After a mosquito ingests malaria-infected blood, the parasites undergo development within the insect’s body. They mature from oocysts to sporozoites, the latter of which migrate to the mosquito’s salivary glands, ready to be transmitted to a human host.
Implications for Malaria Control
The results from the SMFA suggested that transmission-blocking activity, as determined by sporozoite count inhibition, was proportional to the degree of control over oocyst intensities. This aligned with previous evidence that mitigating oocyst intensities can have a downstream effect on the number of sporozoites, thus impacting transmissibility.
About the Research
Miura’s team carried out 15 independent assays using Anopheles stephensi mosquitoes. The NF54 strain of Plasmodium falciparum gametocytes, the sexual stage of the parasite that enables transmission between humans and mosquitoes, was used. Anti-Pfs25 and anti-Pfs48/45 transmission-blocking (TB) antibodies were introduced to assess their efficacy.

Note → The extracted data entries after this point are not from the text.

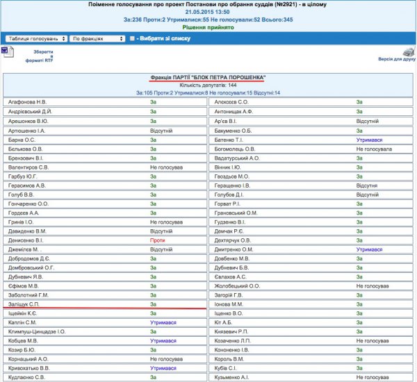 21 мая украинские парламентарии проголосовали за Постановление Верховной Рады N479-VIII "Об избрании судей". "За": 236, "Против": 2, "Воздержались": 55, "Не голосовали": 52 – вот результаты голосования за указанный нормативный акт.
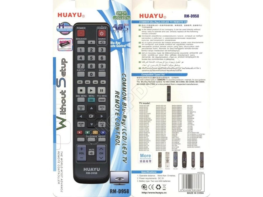 В корзину Купить в 1 клик Пульт универсальный SAMSUNG RM-D958 "PLT-19183" корпус AH59-02299A ( AK59-00104R) HUAYU
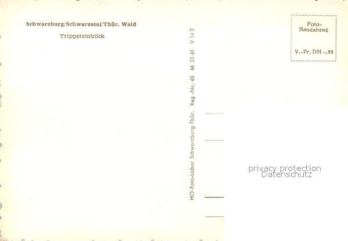 73135685 Schwarzburg Thueringer Wald Panorama Trippsteinblick Handabzug postalisch nicht gelaufen Erhaltung siehe scans [FriedD77] KatCode: 11110016073082
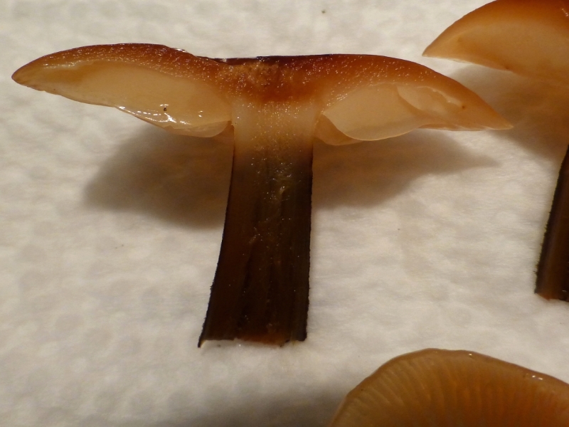 Kann es sein, dass sich der Stiel von unten nach oben dunkler färbt, wenn die Frucktkörper wachsen? Nicht dass ich zwei verschiedene Gattungen entdeckt habe...jedenfalls haben sie nichts Längsfaseriges oder Genattertes am Stiel. Tja, vorher war ich mir so sicher. :rolleyes:
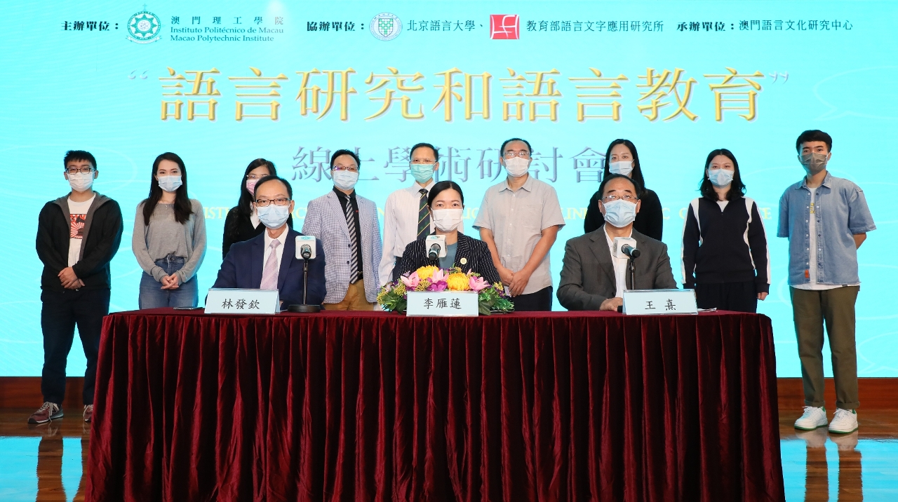 为助力澳门“一中心、一平台、一基地”建设,加强中外文化教育交流,由澳门理工学院主办,北京语言大学、教育部语言文字应用研究所协办,澳门理工学院澳门语言文化研究中心承办的“语言研究和语言教育”学术研讨会,于10月27日上午于线上开幕,在北京及澳门设有主会场。北京语言大学副校长张宝钧、北京语言大学汉语国际教育研究院院长吴应辉、澳门理工学院副院长李雁莲、澳门理工学院人文及社会科学高等学校校长林发钦、澳门理工学院中西文化研究所所长王熹等主持开幕仪式。来自内地和澳门多家高等院校和研究机构的二十多位学者参加了会议。
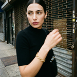 Pulsera vintage original de los años 90. Base dorada con eslabones en forma de corazón con cierre de barra.
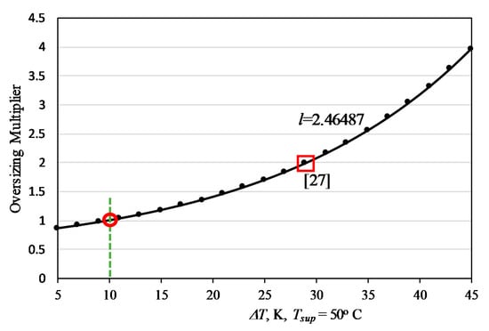 Figure 7 shows that the oversizing requirement becomes excessive by choosing ΔT above 30 °C, contrary to what was proposed in a research thesis [].
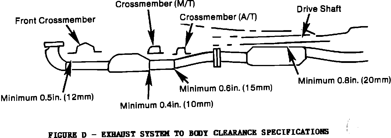 FIGURE D - EXHAUST SYSTEM TO BODY CLEARANCE SPECIFICATIONS:
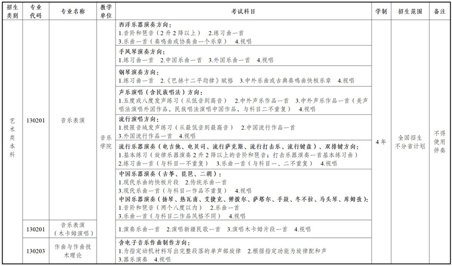3.我校2025年音樂表演專業(yè)只招收以下所列種類,凡未列出的種類該年不接受報(bào)考,考生應(yīng)使用校考報(bào)名時(shí)所選的唱法或樂器種類進(jìn)行演奏。具體如下:
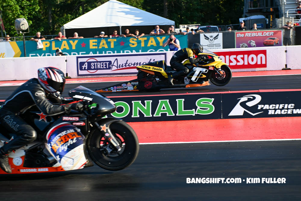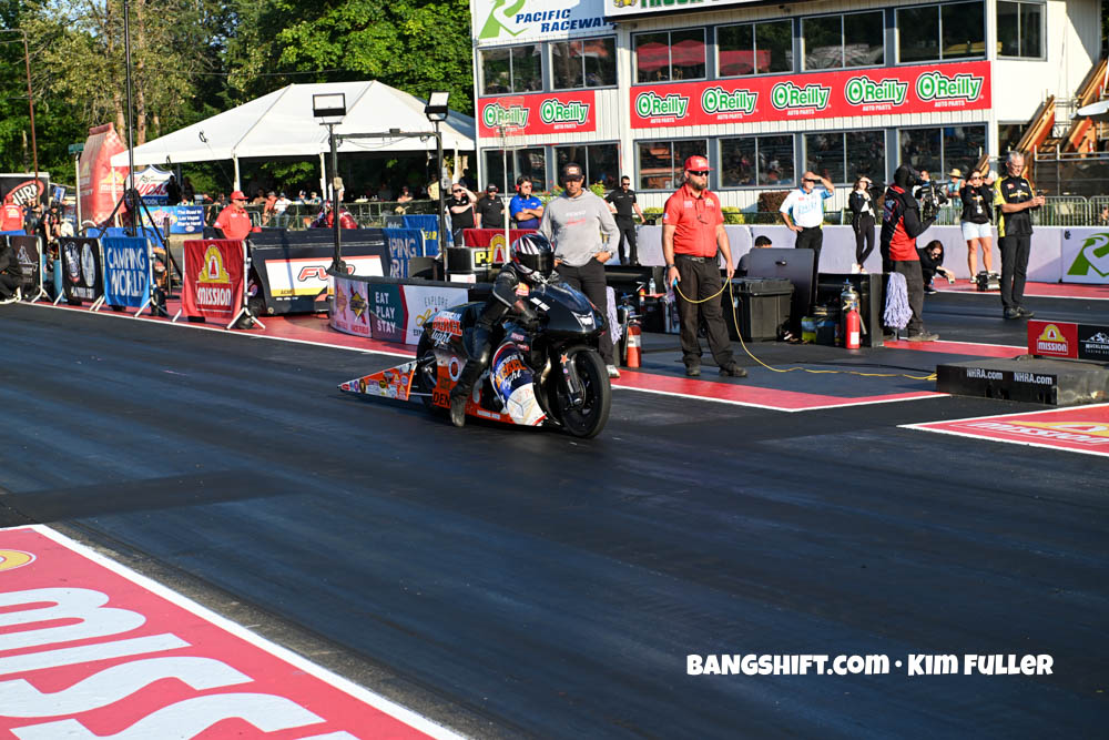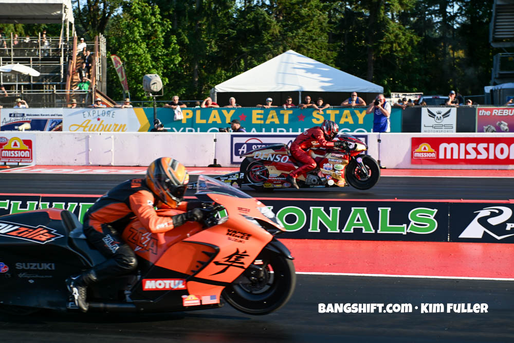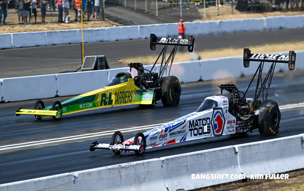 (Photos by Kim Fuller) • Kalitta, Prock, Glenn and Hall qualify No. 1 at Pacific Raceways for the NHRA Northwest Nationals.
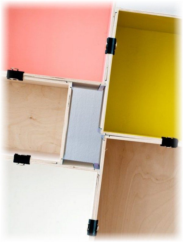 Оригинальный стеллаж, в стиле кубизма, из простых картонных коробок сделать совсем не сложно. Можно с легкостью создать неправильную форму стеллажа, а для того, чтобы обеспечить стабильность полки соединены как горизонтально, так и вертикально простым черным металлическим зажимом.
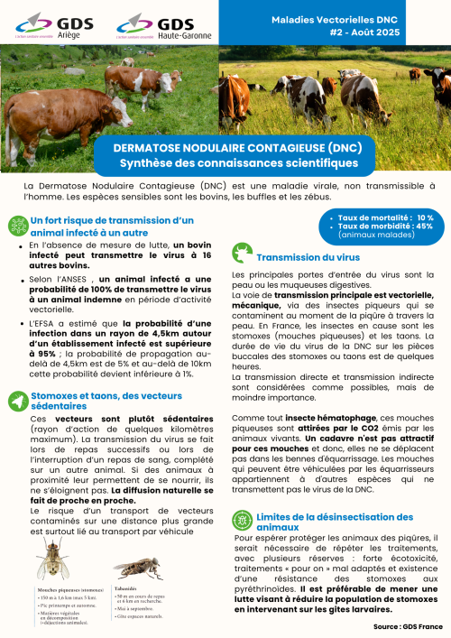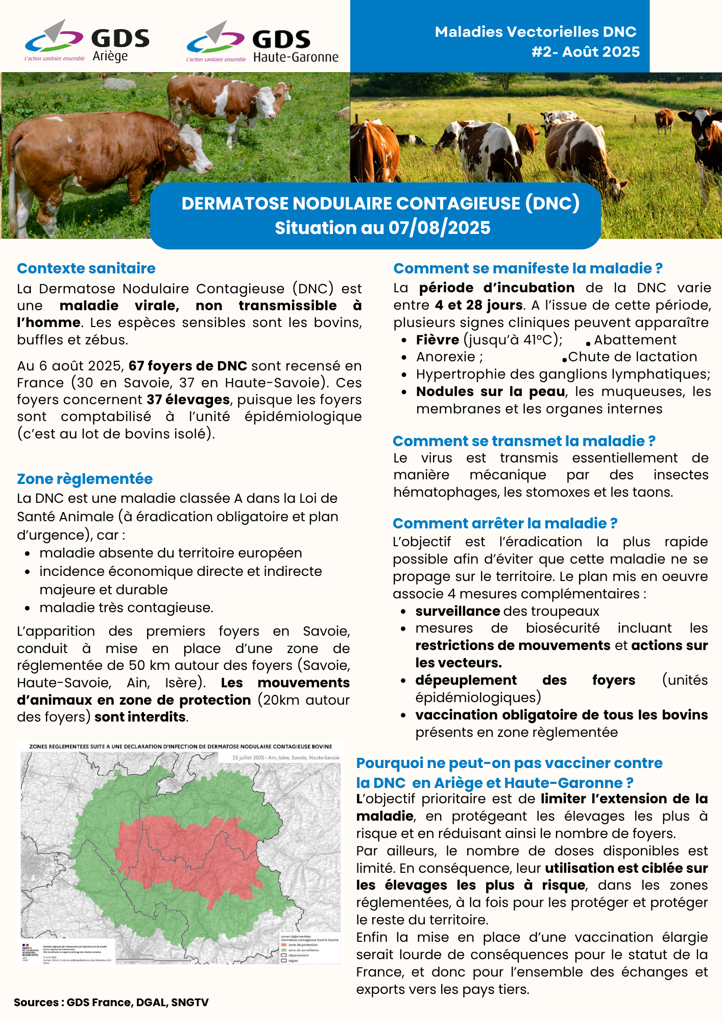 Dermatose Nodulaire Contagieuse, point au 7 août 2025
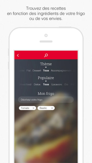 En panne d’inspiration ? L’app vous propose des sections thématiques ainsi qu’un moteur de recherche intelligent qui vous permet de composer avec les moyens de bord (le contenu de votre réfrigérateur et de vos placard) ainsi que vos envies du moment.
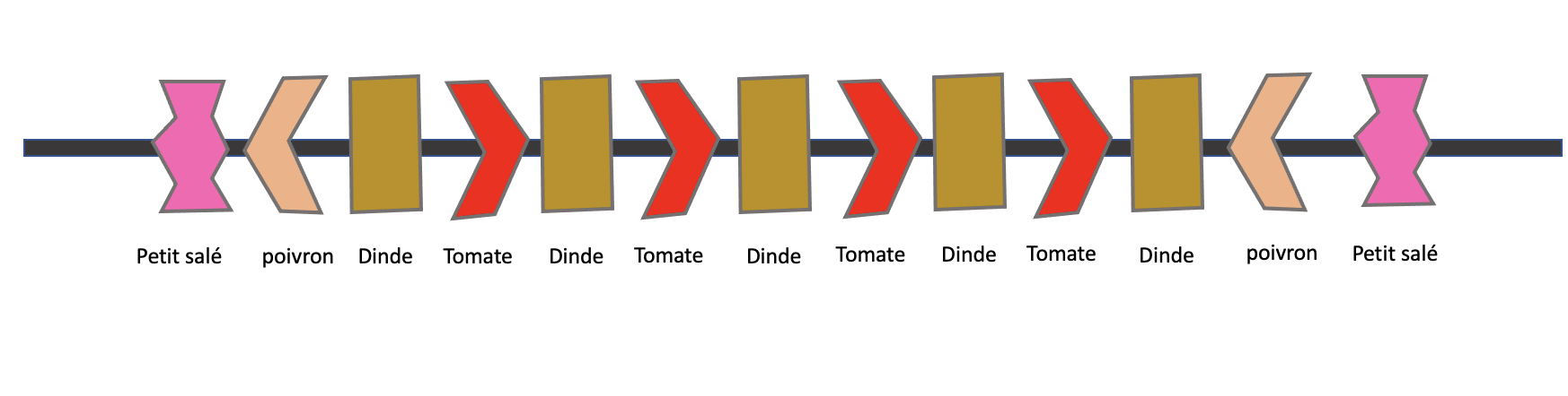 dans l'ordre, composition de la brochette :
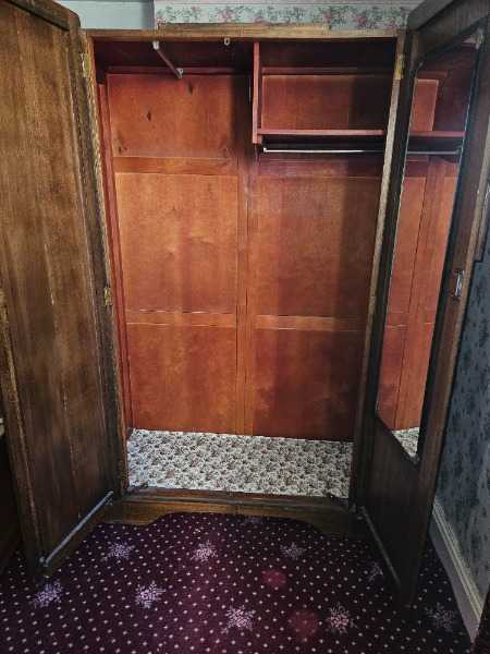 Large vintage double wardrobe, half shelf at top with 2 hanging spaces. comes apart if need for tra…
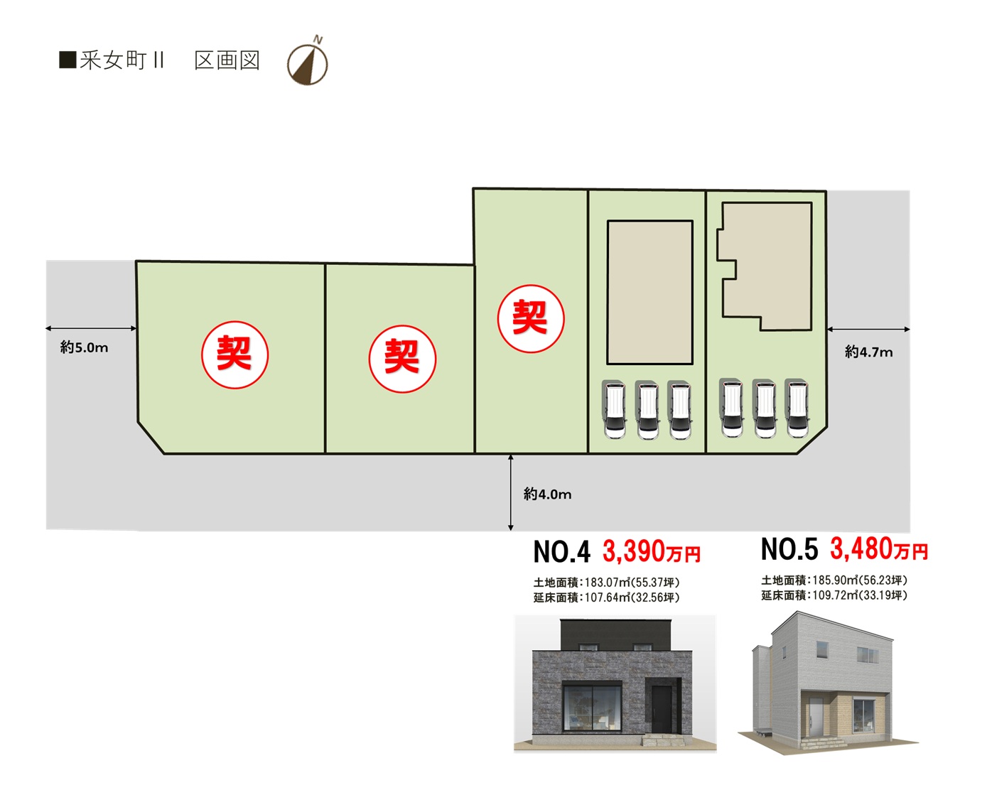 ■トレステージ采女町Ⅱ概要 ●所在地/三重県四日市市采女町110-7 ●交通/四日市あすなろう鉄道内部線「内部」駅徒歩約5分(約400m)●地目/宅地 ●用途地域/第2種中高層住居専用地域●建ぺい率/60%●容積率/160% ●道路幅員/南側公道幅員(約4.0m)、東側幅員(約4.7m) ●公共下水 ●雨水/側溝排水 ●電気・上水道/中部電力(オール電化)、公営水道 ●総区画数/4区画 ●販売戸数/一戸建:2戸 ●土地面積/183.07㎡~185.90㎡ ●建物面積/107.64㎡・109.72㎡ ●販売価格/3,390万円~3,480万円●入居時期/相談 ●取引態様/売主
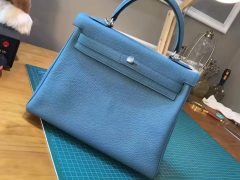 愛馬仕Hermes Kelly 28 togo J7 BlueLin 亞麻藍壹直會流行的顏色 銀扣
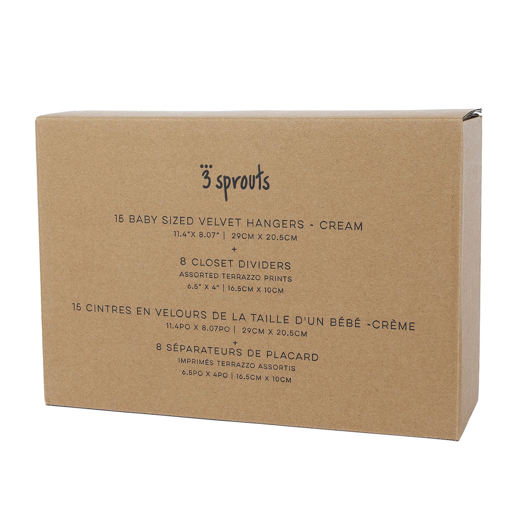 Set 15-pack Velourgalgar + 8-pack Garderobsavdelare, Cream/Terrazzo
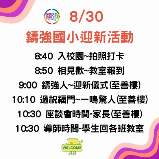 歡迎大家加入鑄強國小這個充滿活力與創意的大家庭!
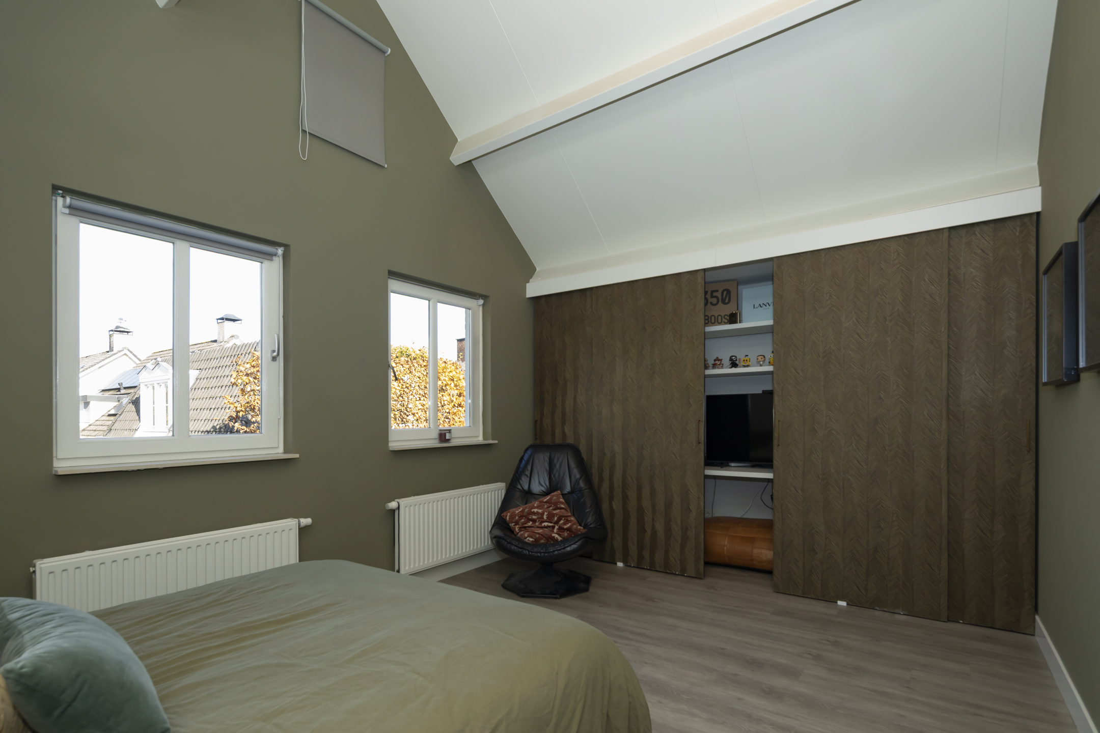 Deze fijne ruimte ligt aan de voorkant van de woning en biedt talloze gebruiksmogelijkheden. Wil je rustig werken? Dan is dit een fijn kantoor. Er is een goede lichtinval en de kamer heeft openslaande deuren naar de tuin. Anderzijds leent deze ruimte zich ook uitstekend als bijvoorbeeld een speelkamer voor de kids. Kortom, een multifunctionele ruimte.
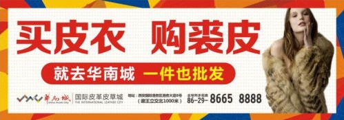 西安华南城国际皮革皮草城是目前西北规模最大、档次最高、配套最完善的皮革皮草交易中心和中国西北皮革皮草服装流行趋势发布中心,据西安华南城相关负责人透露:“国际皮革皮草城已经吸引了众多来自国际国内皮革皮草行业巨头纷纷落户,众多商户表示看好华南城的潜力。”
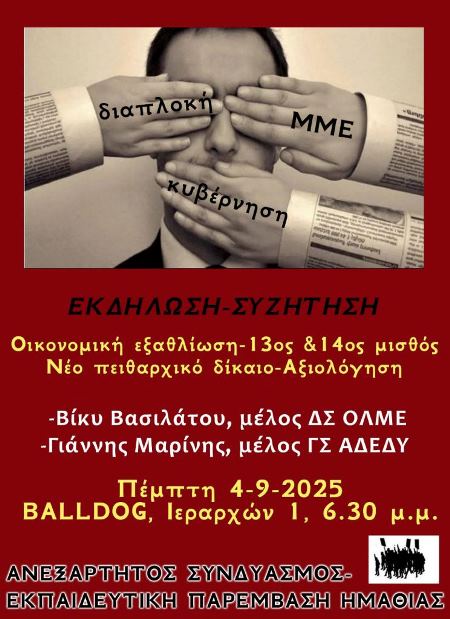 Ανεξάρτητος Συνδυασμός: Εκδήλωση – Συζήτηση με εκπροσώπους ΟΛΜΕ και ΑΔΕΔΥ, Βέροια «BallDog» Πέμπτη 4/9/25
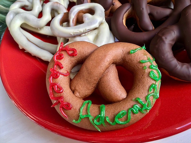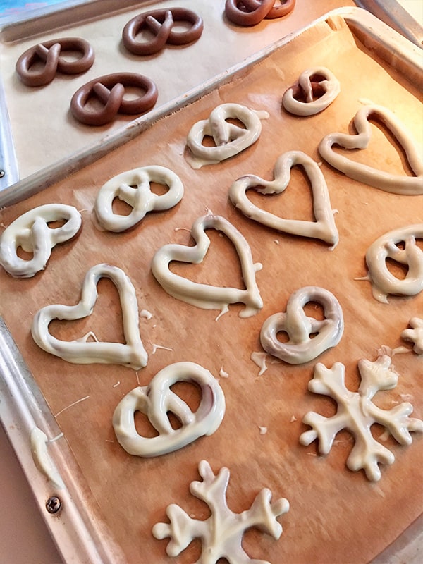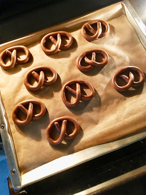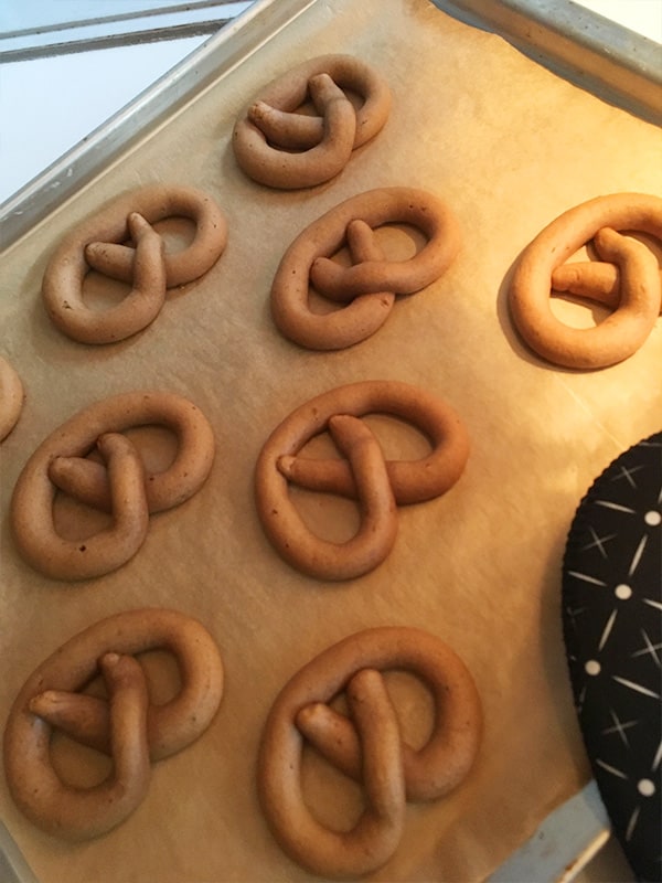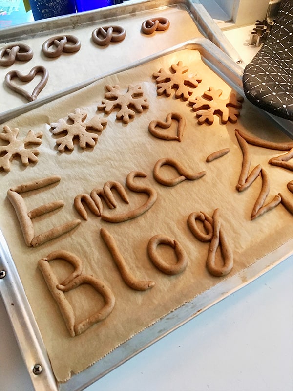 - Den Teig dann portionsweise auf einer leicht bemehlten Fläche 0,5 – 1 cm dick ausrollen und mit Förmchen ausstechen resp. mit einem Messer in die gewünschte Form schneiden. Oder mit den Händen zu ebenfalls ca. 0,5 – 1 cm dicken Teigsträngen rollen und diese zu Brezeln, Herzen, Buchstaben u. Ä. geformt auf das Backblech legen. Für die klassische Brezelform habe ich jeweils eine ungefähr pflaumengroße Menge Teig (knapp 50 g pro Portion) genommen und mit den Händen 25 – 30 cm lang ausgerollt.

Strong Agreement Between Oocyst and Sporozoite Inhibition
Looking at the intensity of oocysts 8 days after feeding and dissecting remaining mosquitoes for sporozoite counts on day 16, the research team applied a zero-inflated negative binomial model to articulate the sporozoite data. This then showed a linear regression between both stages, with strong agreement accentuated by a Bland-Altman analysis.
Statistical Backing for TBV Effectiveness
Using the Log Mean Ratio for inhibition levels, a revealing pattern emerged – a slope estimate close to 1 indicated that the inhibition levels in oocyst could predictably mimic the inhibition in sporozoite quantities. Understandably, these findings have critical implications for predicting TBV efficacy through simplified assays.
Limitations and Further Research
The study acknowledges that there is still a need to assess the relationship in varied settings and using different strains of the parasites and mosquitoes. However, the revelation bolsters the developmental prospects of TBVs in terms of design and qualitative assessments.
Global Relevance and Impact
Malaria remains one of the deadliest diseases globally. According to the WHO, despite significant advancements, there were still an estimated 229 million cases of malaria worldwide in 2019. This study paves the way for improvement in prevention measures.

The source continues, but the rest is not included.